Congreso Nacional S.I.T.A. Argentina “Santo Tomás, maestro de humanidades”, 13 de noviembre de 2021.

Me pidieron una breve charla acerca del Aporte de Santo Tomás a la Economía.

Antes que nada, pienso que deberíamos distinguir o precisar a qué nos referimos cuando hablamos de Economía.

Y esto porque se trata de un término equívoco que se usa para referirse a cosas distintas.

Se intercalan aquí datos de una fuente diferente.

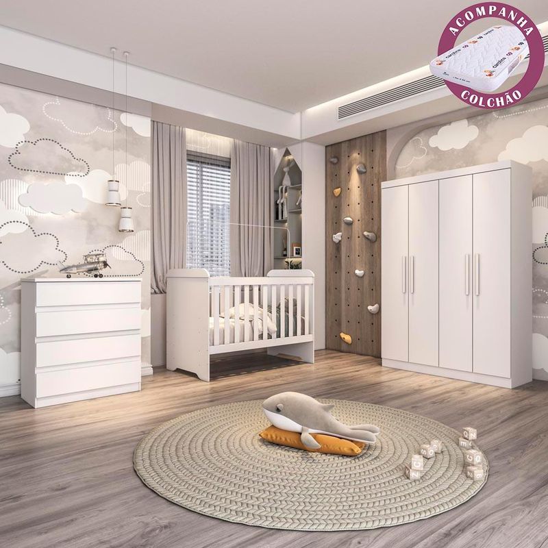A Carolina Baby é uma empresa especializada na fabricação exclusiva de móveis infantis com o selo de qualidade do INMETRO. O quarto conta com um espaçoso guarda roupa, com estrutura em MDP e portas de correr sobre trilhos metálicos. Tanto o roupeiro quanto a cômoda tem as gavetas equipadas com corrediças metálicas, garantindo mais segurança e qualidade no produto. O berço 3 em 1 feito em MDP MDF também pode ser aproveitado como mini-cama e mini-sofá. Estes produtos se encontram disponíveis nas cores Branco Brilho.

A los fines de esta exposición, me interesan tres:

1. En primer lugar, vayamos a la etimología. La palabra Economía viene del griego OIKOS + NOMOS.
 OIKOS era casa u hogar, pero también familia—familia en el sentido antiguo, es decir, ampliada, con algunos parientes
y los criados—, que además era un hogar autárquico, es decir autosuficiente.
 NOMOS era ley o justicia (en el sentido de quien dispensa o administra justicia).
 Es decir que en esta primera aproximación estamos hablando de Economía en el sentido de Administración u
Organización del hogar (en el sentido por ejemplo cuando se habla de “ecónoma” para referirse a la ama de casa).
 Pero también se puede extender el concepto a todo tipo de Administración.
2. Otra forma de entender a la Economía es entendiéndola como Actividad Económica, como cuando describimos a un país en
términos de PBI, de exportaciones, de inflación, de deuda pública y un largo etcétera. Es lo que podríamos llamar Economía
Descriptiva y que a veces ha sido llamado Economía Nacional.
3. Finalmente, tenemos a la Ciencia Económica. Es decir, la economía especulativa o teórica. Con su ubicación propia en el
esquema de las ciencias —entre las ciencias humanas, las ciencias prácticas o morales, como capítulo de la ética y auxiliar de la
Política, el Derecho, etc. Pero que tiene su propio método científico, que en este caso es lógico (deductivo o inductivo) y
cuantitativo (por definición la Economía se encarga de lo medible).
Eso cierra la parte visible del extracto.